Fases finais de uma investigação sobre o uso de bacteriófagos para substituir antibióticos em pisciculturas

  • Durante o último ano foram colhidas amostras para determinar o efeito desta tecnologia nos microrganismos marinhos e nos peixes.
  • Os resultados serão concluídos neste verão, quando os investigadores analisarem os dados metagemónicos sobre as populações de bacterias, avaliando assim o efeito ambiental desta tecnologia.
  • Se os resultados forem positivos, a luta contra as bactérias patogénicas de peixes através do uso de bacteriófagos reduzirá grandemente o impacto ambiental das explorações piscícolas e aumentará a rentabilidade das explorações.
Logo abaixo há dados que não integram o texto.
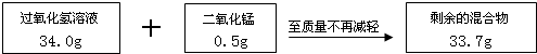 过氧化氢不稳定会自然分解,久置的过氧化氢溶液,其溶质的质量分数会变小.某兴趣小组为测定实验室中一瓶久置的过氧化氢溶液中溶质的质量分数,进行实验.测得相关数据如图所示:
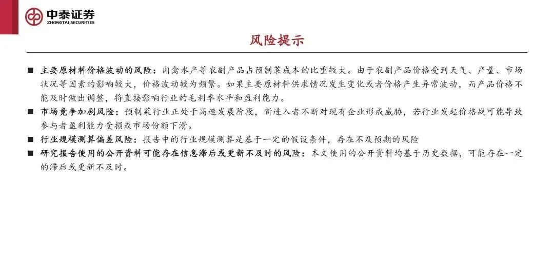 綜合體驗:產品易用性、口味還原度等,預制菜 企業需要持續研發迭代,輔以終端指導和服務以 滿足客戶需求,能有效融合技術、服務等多種優 勢的產品,才具備更高壁壘。

(Derio, 17 de janeiro de 2017)

Investigadores espanhóis e portugueses continuam a analisar o impacto ambiental do uso de bacteriófagos que combatem os microrganismos responsáveis ​​pelas doenças nas pisciculturas. A investigação, financiada pelo programa europeu LIFE, é liderada pelo centro tecnológico espanhol AZTI e também participam investigadores da Biopolis S.L. (Espanha), da Universidade de Aveiro (Portugal) e a Piscicultura Aguacircia (Portugal).

As estratégias desenvolvidas até à data para combater infeções bacterianas durante a cultura de diferentes espécies em pisciculturas incluem, na maioria dos casos, o uso de antibióticos. Os consumidores, no entanto, exigem produtos sem antibióticos. Neste contexto, a utilização de bacteriófagos de ocorrência natural é uma alternativa interessante para cobrir a crescente demanda alimentar da pesca e da aquicultura.

O sector da aquicultura é uma actividade em expansão, com um grande impacto social e económico. Desde 2013, a aquicultura já superou a produção de 97,20 milhões de toneladas em todo o mundo, em comparação com 93,8 milhões de toneladas captadas pela pesca convencional, o que significa que mais de 50% dos produtos são resultado da aquicultura.

Buscando uma solução alternativa aos antibióticos que não afete a saúde dos peixes ou do consumidor, os investigadores procuram bacteriófagos – organismos que infetam e destroem bactérias – que matem esses pattogénicos sem afetar as comunidades bacterianas ambientais e intestinais dos peixes.

Até agora, os cientistas obtiveram resultados muito promissores em laboratórios, mas o uso em escala industrial requer conhecimento sobre o impacto ambiental dos bacteriófagos, especialmente na ecologia bacteriana. O projeto LIFE13 ENV/ES/001048 – ENVIPHAGE aborda essa lacuna existente entre o laboratório e o tratamento em escala industrial. Baseado em tecnologias genéticas, o projeto estuda o efeito de bacteriófagos em comunidades bacterianas ambientais e intestinais de peixes, dois dos pontos críticos para o uso desta tecnologia em aquacultura.

Durante os anos de 2014 e 2015, a investigação concentrou-se na seleção dos bacteriófagos mais adequados para a inativação bacteriana, com foco nos fagos mais ativos contra microrganismos patogénicos de peixes. Durante o último ano, foram produzidas quantidades significativas destes fagos e foram realizados ensaios de campo. Foram colhidas amostras ambientais e de peixes para determinar o efeito potencial desta tecnologia nos microorganismos marinhos, nos microrganismos presentes no peixe e nos próprios animais. Espera-se que os resultados cheguem em 2017, quando os investigadores analisarem os dados metagenómicos que descrevem as bactérias presentes nos diferentes ambientes e avaliam o efeito ambiental desta tecnologia.